YouTube Link: video.eai.or.kr/140716_sqa.flv

T.J. Pempel, a professor of political science at UC Berkeley, is a world-renowned scholar specializing in comparative politics, Japanese politics, and political economy. His publications include Security Cooperation in Northeast Asia (2012), Remapping East Asia: The Construction of a Region (2005), Beyond Bilateralism: U.S.-Japan Relations in the New Asia-Pacific (2004), and Regime Shift: Comparative Dynamics of the Japanese Political Economy (1998). He is currently conducting research on regionalism and security in Asia.

Yeol Ryu, Director of the EAI Center for Japanese Studies, holds a Ph.D. in Political Science from the University of Chicago and is currently a professor at Yonsei University's Graduate School of International Studies.


Japanese Prime Minister Shinzo Abe's security policy is raising ongoing concerns for neighboring countries such as South Korea and China, as well as for the United States. While China's rise presents a significant challenge for Japan, South Korea and China are strongly reacting against Prime Minister Abe's revisionist view of history and his rightward political trajectory. The deteriorating relations between South Korea and Japan are also proving to be a burden for the United States in its efforts to strengthen its regional position and pursue its rebalancing strategy in Asia. Against this backdrop of complex regional dynamics, Professor T.J. Pempel (UC Berkeley) and Director Yeol Ryu (EAI Center for Japanese Studies; Yonsei University) engaged in a discussion on the challenges facing East Asia and the strategic considerations for South Korea and Japan.

Abe's Revisionism and U.S. Concerns

“The U.S. will distance itself from Japan's historical revisionism, which does not contribute to building multifaceted cooperative relations with China or promoting security cooperation between South Korea and Japan.”

Yeol Ryu (hereafter Ryu) The U.S. appears to be pursuing a strategy that seeks to build cooperative relations with China while also containing its rise. Given that trilateral security cooperation among South Korea, the U.S., and Japan is crucial for containing China, how do you assess this cooperative relationship?

T.J. Pempel (hereafter Pempel) There are two important trilateral cooperative relationships in East Asia. One is the trilateral security cooperation among South Korea, the U.S., and Japan, which can be seen as a security framework to contain China or North Korea. The other is the trilateral cooperation among South Korea, China, and Japan, which, unlike the former, pursues cooperation and engagement. Unfortunately, the trilateral cooperation among South Korea, China, and Japan faces difficulties in drawing cooperation from South Korea and China due to Prime Minister Abe's historical revisionism.
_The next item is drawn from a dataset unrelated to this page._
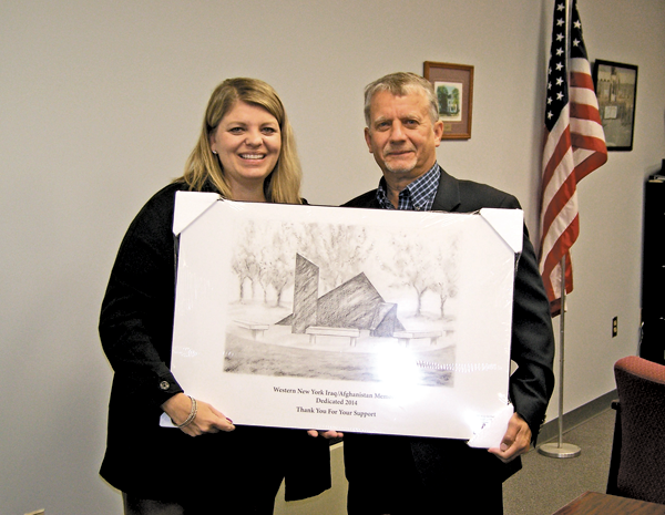 Town of Lewiston Supervisor Dennis Brochey was recently presented with a sketch of the Iraq/Afghanistan Memorial by Connie Przepasniak of the Niagara Air Base.
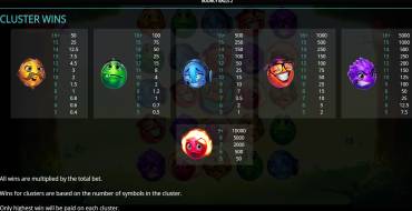 In the base game, the field has a 5x5 grid with no clearly delineated reels or cells. During free spins, it can expand to a size of 8x8. The payout mechanics is Cluster Pays, which involves making chains of 5 or more identical symbols connected horizontally and/or vertically. The game uses 3 types of junior and senior symbols, all of which are funny balloons. When a winning combination is formed, a cascade is triggered - the prize symbols leave the field, and new ones appear in their place. This continues as long as the paid chains. Bet on the spin can be made from 0.1 to 10 euros. Maximum winnings can not exceed the selected amount of more than 11000 times.

From the U.S. perspective, Japan's historical revisionism has been a major disappointment, as it weakens security cooperation between the U.S. and Japan. The Abe administration's persistent distortion of history, visits to the Yasukuni Shrine, and the NHK chairman's remarks denying the Nanjing Massacre, among other actions, are undermining the results of the Obama administration's efforts with South Korea and Japan. The U.S. will clearly want to distance itself from Japan's overt and outrageous historical revisionism and will hope that Prime Minister Abe will "just be quiet." This is because Abe's brand of historical revisionism is of no help to the U.S.'s long-term goals of building multifaceted cooperative relations with China and promoting security cooperation between South Korea and Japan. Every time Prime Minister Abe makes nationalistic remarks, concerns in South Korea and China will deepen, and the trilateral cooperation among South Korea, China, and Japan will also face difficulties in its maintenance.

The trilateral summit among South Korea, China, and Japan, which originated from ASEAN Plus Three (APT), achieved tangible results such as the signing of an investment treaty and the pursuit of free trade agreement negotiations since its launch in 2008. However, the trilateral summit is currently suspended, and the ongoing free trade agreement negotiations are also stalled. This situation acts as a highly negative factor for promoting regional cooperation and engagement. Nor can we consider the trilateral security framework among South Korea, the U.S., and Japan, based on containment, to be solid or strengthened. Maintaining cooperation between South Korea and Japan is proving difficult due to Japan's actions, even in the pursuit of trilateral cooperation. Consequently, Prime Minister Abe's actions are ultimately counterproductive to the U.S. policy in East Asia, which seeks to pursue both engagement and containment simultaneously, and they pose a significant burden to the Obama administration.

Ryu Until recently, Japan seemed to be in a continuous decline amidst difficult domestic conditions. However, with the advent of Prime Minister Abe, Japan has suddenly become active and assertive in security and economic fields. You just explained Prime Minister Abe's historical revisionism; what impact do you think Japan's outwardly proactive stance will have on the security and economic environment in Northeast Asia? Although still in a stalemate, Japan is also actively participating in the Trans-Pacific Partnership (TPP) negotiations.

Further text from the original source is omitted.